Hey all. I saw a tank of Long-finned Rosey barbs at my LFS. The sign said they grow to be 6''. I was wondering if i could add them in my 55g. So far my 55g will have 2silver dollars and 1 pair of angels. I wasnt sure if rosey barbs were fin nippers.


----------



## Lexus (Jan 19, 2005)

I've heard that long finned varieties arnt as big fin nippers as the regular roseys. I was tempted to put them in my 55g. I also heard that if kept in a lower temp tank they show their colors better than a more tropical one.


----------



## TheOldSalt (Jan 28, 2005)

Rosys aren't as bad at nipping as many other barbs.

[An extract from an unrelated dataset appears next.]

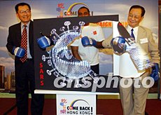 香港推出“吃喝玩樂Come Back Hong Kong”運動。“吃喝玩樂Come Back Hong Kong”運動五月十九日在香港展開,其旨在鼓勵香港市民拋開對非典型肺炎疫情的憂慮,重新投入積極的生活。圖為香港總商會總裁翁以登(左)、香港餐飲聯(lián)業(yè)協(xié)會會長伍德良(右)等擊打“SARS病毒”從而為該活動揭幕。中新社記者:潘索菲

While they do reach 6" in the wild, I don't think I've ever seen a captive one over 4.5, and only a few over 3.5. I guess I'm saying that they aren't too bad a choice for your current tank setup.


----------



## Shelzbells (Apr 9, 2005)

I think the rosys will be just fine in your tank....I have the longfin ones myself and never had a problem with them nipping. I agree that they wont get any bigger then 3½-4 inches full grown..I have never seen one any bigger then that. Mine are also kept in with angels & SD's No probs at all.


----------



## Stix87 (Jul 28, 2005)

thanks all for your input, ill deff add some long-finned rosey's into my tank


----------



## FishCrazy1234 (Jun 23, 2005)

I would try to keep them in a school of 6 or more just to make sure there isn't any problems. good luck


----------